December 11, 2019 / Danei Edelen  / 
recovery

“Awesome,” the social worker for Clermont Mercy’s Behavioral Health Institute said after sitting in on my National Alliance on Mental Illness (NAMI) talk at the Clermont Mercy Hospital in Batavia, Ohio. Internally, I sighed with relief. I had just completed my first Friday NAMI talk at the Behavioral Health Unit at Clermont Mercy in months.

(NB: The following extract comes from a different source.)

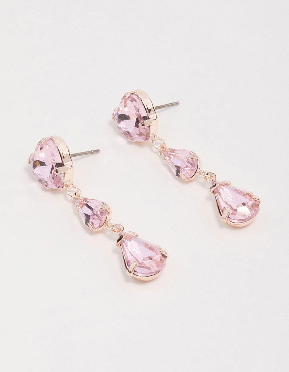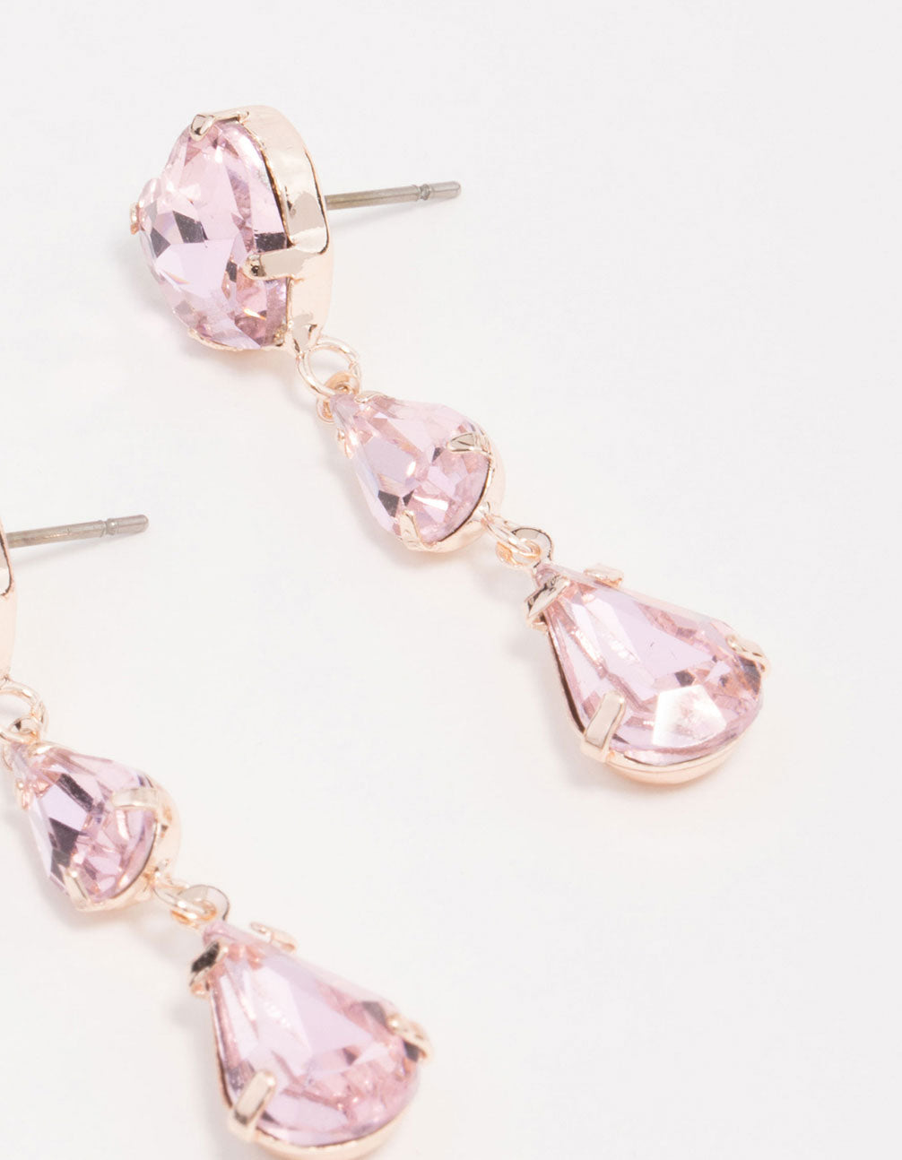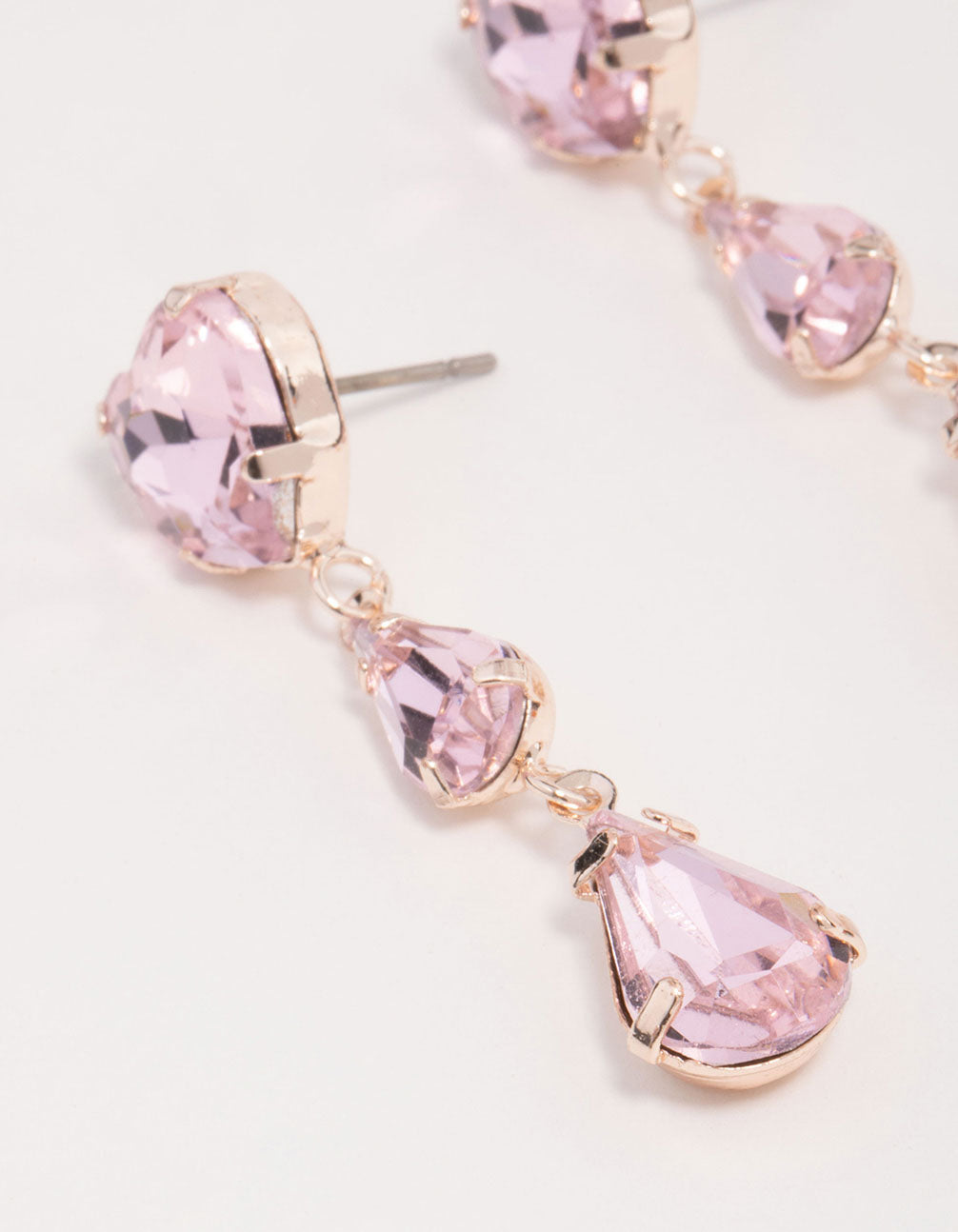 For a glamorous addition to your stack, style these lovely, rose gold drop earrings. These unique dangle earrings feature a rose gold setting and cascading design of lilac crystals.

My name is Danei Edelen. I am the founder and president of the NAMI Brown County Ohio affiliate established in Brown County Ohio in June of 2018. We have been offering NAMI’s support groups in Brown County for over a year. Since July of 2018, I have routinely given a “talk” every other Friday about who NAMI is, what are the NAMI programs that can help, and shared my personal struggle at Clermont Mercy Hospital’s Behavioral Health Institute.

Where I’ve been

You probably haven’t heard from me in a while. For the last seven months, I’ve been out of commission, dealing with my own struggles. As can happen to anyone that lives with a mental illness, my mental illness unexpectedly struck in the form of a sodium deficiency that landed me in the Intensive Care Unit (ICU) for five days because my blood sodium level mysteriously dropped to 114. A normal blood sodium level is between 135 and 145 milliequivalents per liter (mEq/L). Hyponatremia occurs when the sodium in your blood falls below 135 mEq/L. 

First, I landed in ICU due to sodium deficiency, then I missed my son’s high school graduation due to a visit to the University of Cincinnati Psychiatry because of psychosis. With mental illness, there are no guarantees. You can be “on top of the world” and then your body will betray you.